“Unprecedented” is a word we’re using all too often right now to describe the current state of the global oil and gas industry. Despite this week’s “unprecedented” descent of oil into a well-described Twilight Zone, world economies are slowly inching up on their knees post a pandemic that’s decimated what already was a shaky energy ground. But signs of life are now appearing. And it’s worth noting that natural gas is taking the lead.
The LNG tanker Maran Gas Vergina just arrived in Tanjin, China—the first cargo of its kind from the U.S. since March 2019 and following the two country’s multibillion-dollar trade deal pre-COVID-19 in January.

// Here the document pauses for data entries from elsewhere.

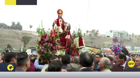 Integrantes de la asociación de pescadores artesanales de Chorrillos cargaron la imagen de 'San Pedrito' para que realice un tradicional paseo por el...
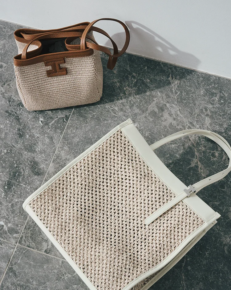 タンクトップとリブスカート、上下をニット素材のグレーで統一。同じ色味でも、編み地の質感を変えることでワントーンの中に心地よいリズムを。究極にシンプルだからこそ、素材の良さが際立つ、大人の余裕を感じさせる洗練された組み合わせ。
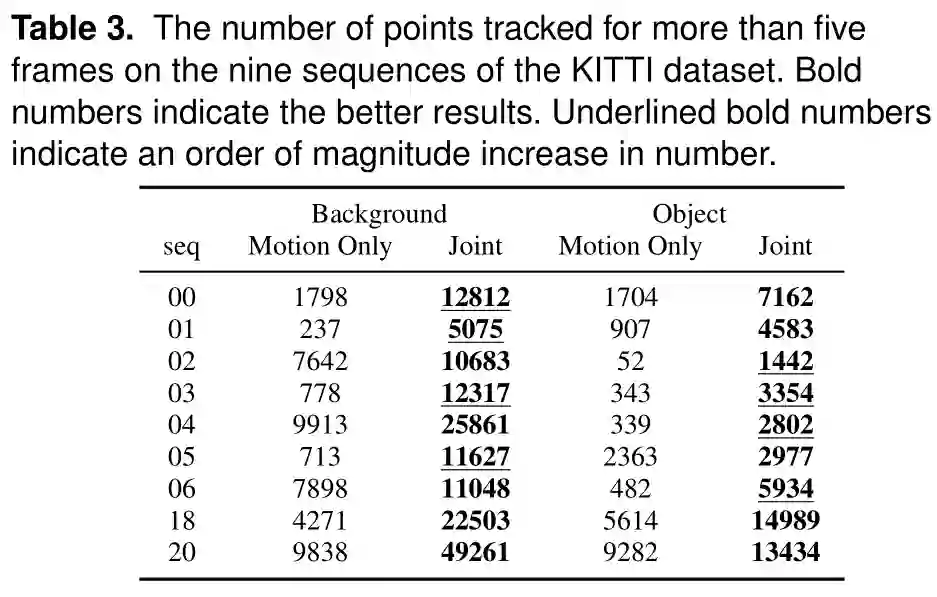 表3。在KITTI数据集的9个序列上跟踪超过5帧的点的数量。粗体的数字表示更好的结果。粗体下划线的数字表示增加的数量级。
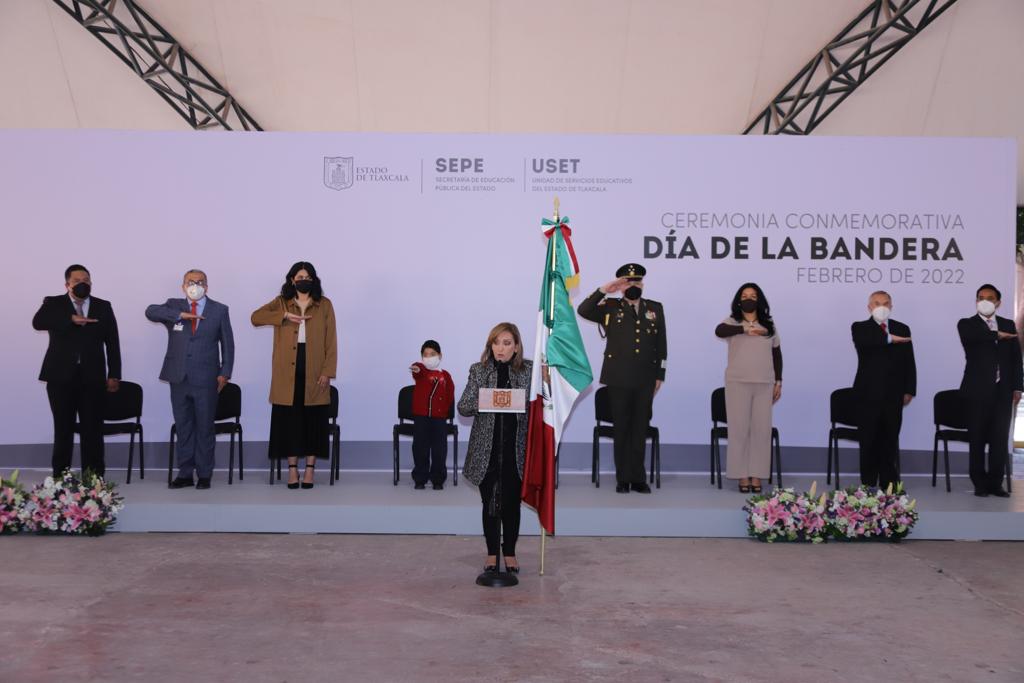 El gobierno del estado, autoridades de la Secretaría de Educación Pública y de la 23 Zona Militar, encabezaron la ceremonia conmemorativa por el Día de la Bandera, realizada en el Domo Blanco del recinto ferial de Tlaxcala este jueves 24 de febrero.
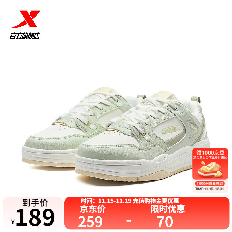特步【摩登天空】云帆|板鞋2025夏季休闲鞋女运动鞋975318310060 凝脂绿/帆白/仓灰色 40
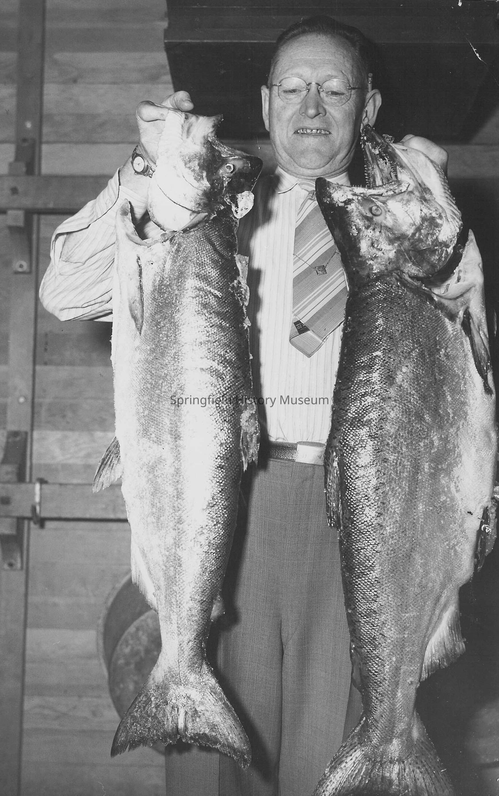 Photograph of Rotary Club; an unknown fisherman holding two large salmon. Man is wearing dress clothes and tie, not fishing clothes. Undated.Collection

Under the agreement, China committed to purchasing at least $52.4 billion in American energy over the next two years, which included LNG. The arrival of the Maran Gas Vergina marks the first shipment in good faith after a long, tired trade war that saw China raising tariffs on U.S. LNG to 25%.
But that was then, and this is now.
Surfacing from the Coronavirus affects and ahead of most every nation because of it, Beijing now has granted tax waivers to LNG importers, along with a zero tariff to ensure its homes, businesses and industries that require natural gas survive. Aboard the first cargo landed in China this week includes supplies from Cheniere’s Corpus Christi and Sabine Pass export terminals and Sempra’s LNG Cameron Plant. Three additional LNG deliveries are scheduled for discharge in May.